··· DATA PROVIDED ···

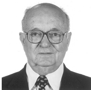
Figura 2 - José Antunes Rodrigues.

José Antunes Rodrigues (Figura 2) tem feito parte do conselho editorial dos seguintes periódicos: Molecular Psychiatry (1990-1996) e Brazilian Journal of Medical and Biological Research (desde 2006).
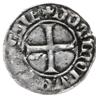
Rewers: Zakonny krzyż równoramienny W otoku: +DOMINORVMxPRUSSIE

miach piastowskich. Miał masę 0,75 grama i wartość czterech brakteatów. Wygląd zewnętrzny kwartników zapożyczono od ćwierć groszowych monet Flandrii. Heraldycznego lwa zastąpiono tarczą wielkiego mistrza, a rewers powtórzył wizerunek krzyża równoramiennego. Jest to moneta ceniona i pożądana na rynku kolek-
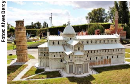
Mini-Europa - Torre de Pisa (Itália)
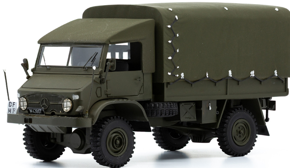
MB Unimog S 404 mit L Flab 54
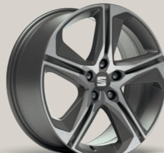
SPORT 18" FR
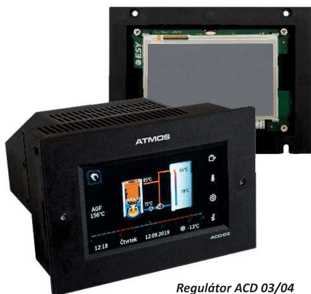
Regulátor ACD 03/04
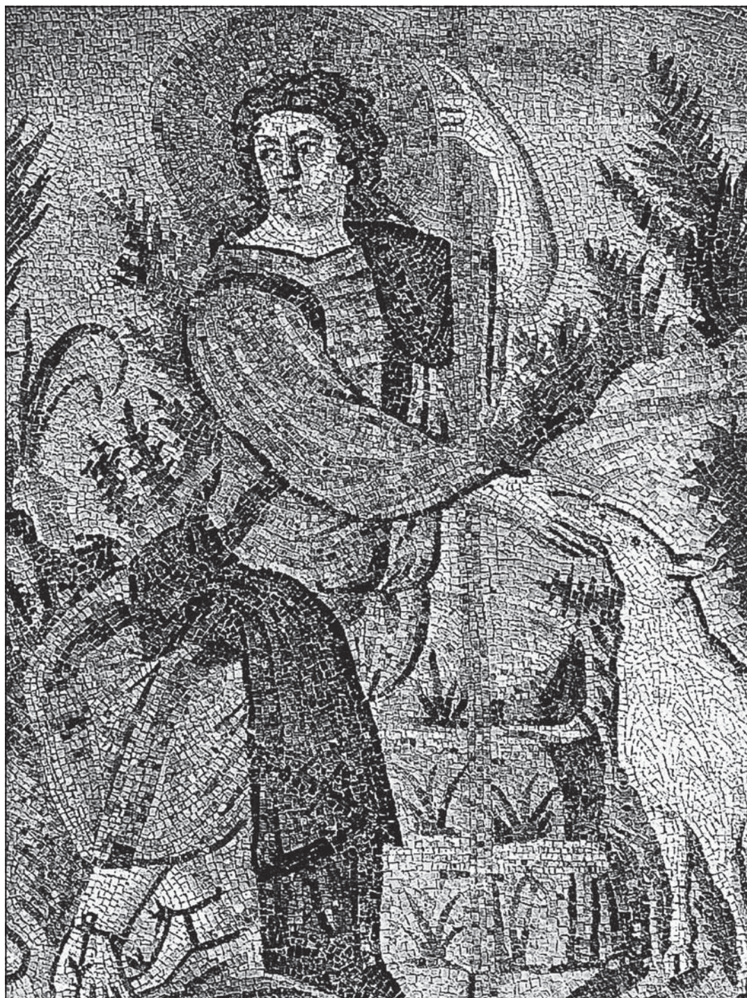
Mozaika Dobrého Pastýře z mauzolea Gally Placidie, manželky císaře Constantia III., Ravenna (5. stol)
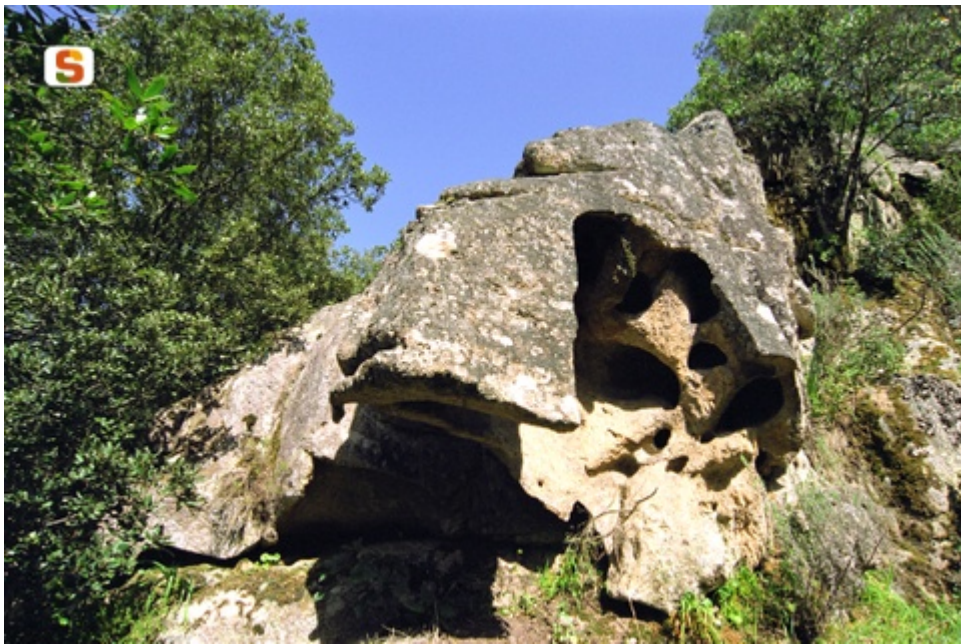
Fig. 1 - Limbara Norte, Taffone granítico en la localidad de Li Conchi

Los taffoni , término de origen corso para indicar las cavidades naturales del granito debido a la erosión, fueron muy comunes en paredes y bloques, a menudo eran de un gran tamaño y forman un elemento característico de todo el paisaje granítico de la Gallura (fig. 1).
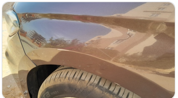
الرفرف الأمامي شمال : فبريكة (خرايش)
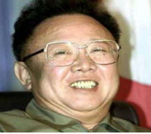
Визит Ким Чен Ир, который, как и всегда, хранился в стражайшей тайне, начался меньше чем через неделю после того, как вице-президент США Дик Чейни заявил в Пекине, что время для решения ядерного кризиса в Северной Азии уходит впустую.
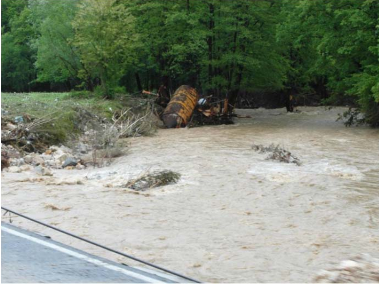
Schade na het hoogwater

···

* _TASK TO CARRY OUT_
Excluding the pictures, reproduce every entry exactly as given.

* _ANSWER SPACE_
Figura 2 - José Antunes Rodrigues.

José Antunes Rodrigues (Figura 2) tem feito parte do conselho editorial dos seguintes periódicos: Molecular Psychiatry (1990-1996) e Brazilian Journal of Medical and Biological Research (desde 2006).
Rewers: Zakonny krzyż równoramienny W otoku: +DOMINORVMxPRUSSIE

miach piastowskich. Miał masę 0,75 grama i wartość czterech brakteatów. Wygląd zewnętrzny kwartników zapożyczono od ćwierć groszowych monet Flandrii. Heraldycznego lwa zastąpiono tarczą wielkiego mistrza, a rewers powtórzył wizerunek krzyża równoramiennego. Jest to moneta ceniona i pożądana na rynku kolek-
Mini-Europa - Torre de Pisa (Itália)
MB Unimog S 404 mit L Flab 54
SPORT 18" FR
Regulátor ACD 03/04
Mozaika Dobrého Pastýře z mauzolea Gally Placidie, manželky císaře Constantia III., Ravenna (5. stol)
Fig. 1 - Limbara Norte, Taffone granítico en la localidad de Li Conchi

Los taffoni , término de origen corso para indicar las cavidades naturales del granito debido a la erosión, fueron muy comunes en paredes y bloques, a menudo eran de un gran tamaño y forman un elemento característico de todo el paisaje granítico de la Gallura (fig. 1).
الرفرف الأمامي شمال : فبريكة (خرايش)
Визит Ким Чен Ир, который, как и всегда, хранился в стражайшей тайне, начался меньше чем через неделю после того, как вице-президент США Дик Чейни заявил в Пекине, что время для решения ядерного кризиса в Северной Азии уходит впустую.
Schade na het hoogwater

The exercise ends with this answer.